KARACHI – Contrary to the presumption of the media, both domestic and international, the education gap in Pakistan is not actually being addressed by madressahs – only six percent of students attend Madressah, according to the ‘Education Emergency Pakistan Report’ released on Tuesday by the Pakistan Education Task Force (PETF) as part of its March for Education Campaign. As far as the results of State-sponsored education are concerned, only 35 percent of school children in Pakistan, between the ages of six and 16, can read a story, while 50 percent cannot even read a sentence; their performance is only slightly better than that of out-of-school children, of whom 24 percent can read a story.
Moreover, one in 10 of the world’s out-of-school children (a number equal to the population of Lahore) is Pakistani. As many as 30,000 school buildings are in dangerous condition, posing a threat to the well being of children; while 21,000 schools have no building whatsoever. The economic cost of not educating Pakistan, according to the report, is the equivalent of one flood every year, except that this is a “self-inflicted disaster”. This is despite the fact that after the approval of the 18th Amendment, which received Presidential assent on 19 April 2010, education is no longer a privilege, but a right.
“Article 25a sets up a possible scenario where a citizen can take the government to court for not providing them access to education; it can even be the grounds for a suo moto action,” writers of the report maintain. As such, if things continue along the same lines, the government cannot possibly meet the UN-Millennium Development Goals (MDG) on education by 2015. And as things stand now, no person alive today will see a Pakistan with universal education as defined in the Constitution. Balochistan, in fact, would have access to this right only in the year 2100 or even later.

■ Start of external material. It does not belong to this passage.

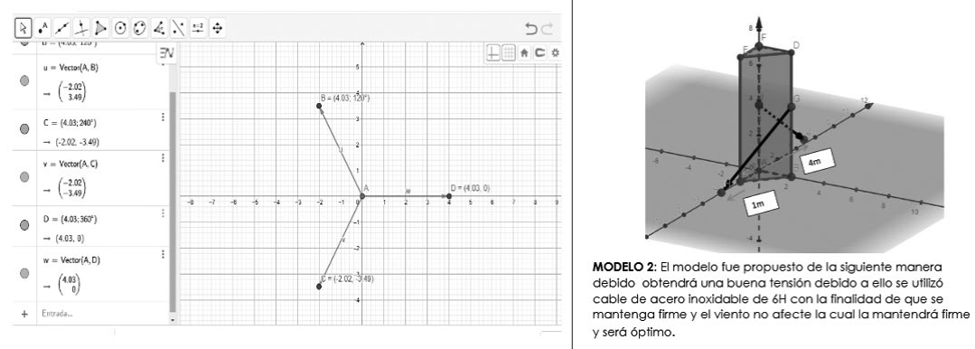 a) Como parte de la secuencia didáctica se estimula el uso de la tecnología, la herramienta que se usó fue GeoGebra destacando el valor didáctico que tiene el instrumento para hacer modelos bi y tridimensionales, desde el enfoque geométrico. El uso del enfoque geométrico de vectores para la física lo describe Notaroš (2013), con éste los estudiantes aumentan la comprensión, ya que aprenden de forma intuitiva y visual, lo cual les permitirá modelar y resolver ejercicios que impliquen vectores. Véase Figura 3.
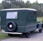 Τα πλαϊνά παράθυρα με κουρτίνες για οπτική απομόνωση.Το τροχόσπιτο αυτό της Ford προσαρμόστηκε σε ένα πλαίσιο Ford Pickup, μοντέλλο του '37, που εκινείτο με έναν οκτακύλινδρο κινητήρα "V", 60 ίππων, με κεφαλές αλουμινίου. Το πίσω πλαίσιο είναι εξ ολοκλήρου φτιαγμένο από ξύλο, σκεπασμένο από ένα μεταλλικό περίβλημα. Η οροφή είναι κι' αυτή κατασκευασμένη από ξύλο, πάνω από το οποίο το αδιάβροχο καραβόπανο είναι ακόμη σε πολύ καλή κατάσταση και στερεωμένο με ασφάλεια.

There is, however, a solution: additional annual expenditure of Rs100 billion on education – a 50-percent increase in the current budget – can yield exponentially better results in only two years. Just one year of education for women in Pakistan can help reduce fertility by 10 percent, controlling the other resource emergencies that the country faces. The issue, meanwhile, is not solely about finances; political will and articulating demand effectively are more important, according to the results highlighted in the report.

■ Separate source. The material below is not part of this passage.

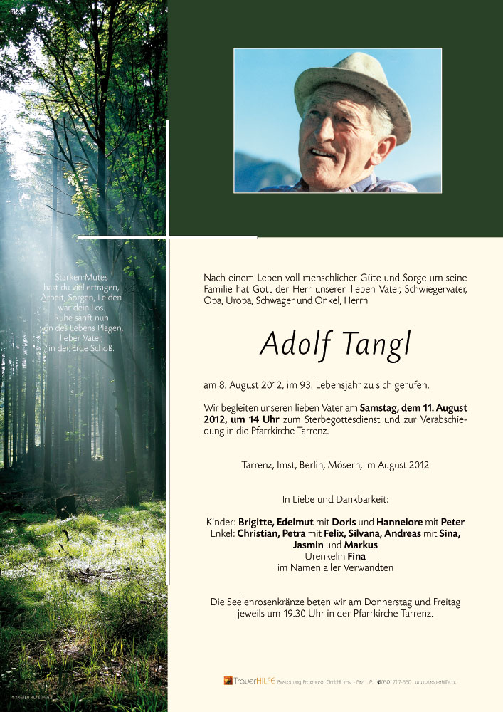 Friedhof Tarrenz, † 08.08.2012 (92 Jahre)

Twenty-six countries that are poorer than Pakistan send more of their children to school. Pakistan, on the other hand, spent only 2.5 percent of its budget on schooling in the 2005-06 financial year. Now, it spends even less: only 1.5 percent of the total budget is spent on education in areas that need it most. “This amount is less than the subsidies given to PIA, PEPCO and Pakistan Steel,” writers of the report said, adding that while provinces are allocated funds for education, they fail to spend the money.
The assumption that the public school system is doing poorly because teachers are poorly paid is also untrue. “Public school teachers get paid two-thirds more than their equivalent private low-cost school counterparts; they earn four times that of the average parent of a child in their school,” writers said. “Despite this, on any given day 10 to 15 percent of teachers will be absent from their duties. There is demand for education that is partly being addressed by low-cost private schools. One-third of all rural children go to these schools (public schools can cost Rs150 per month; low-cost private schools the same or up to Rs250). Donors are not the solution… government spending in the education sector outstrip donor spending by an overwhelming margin.”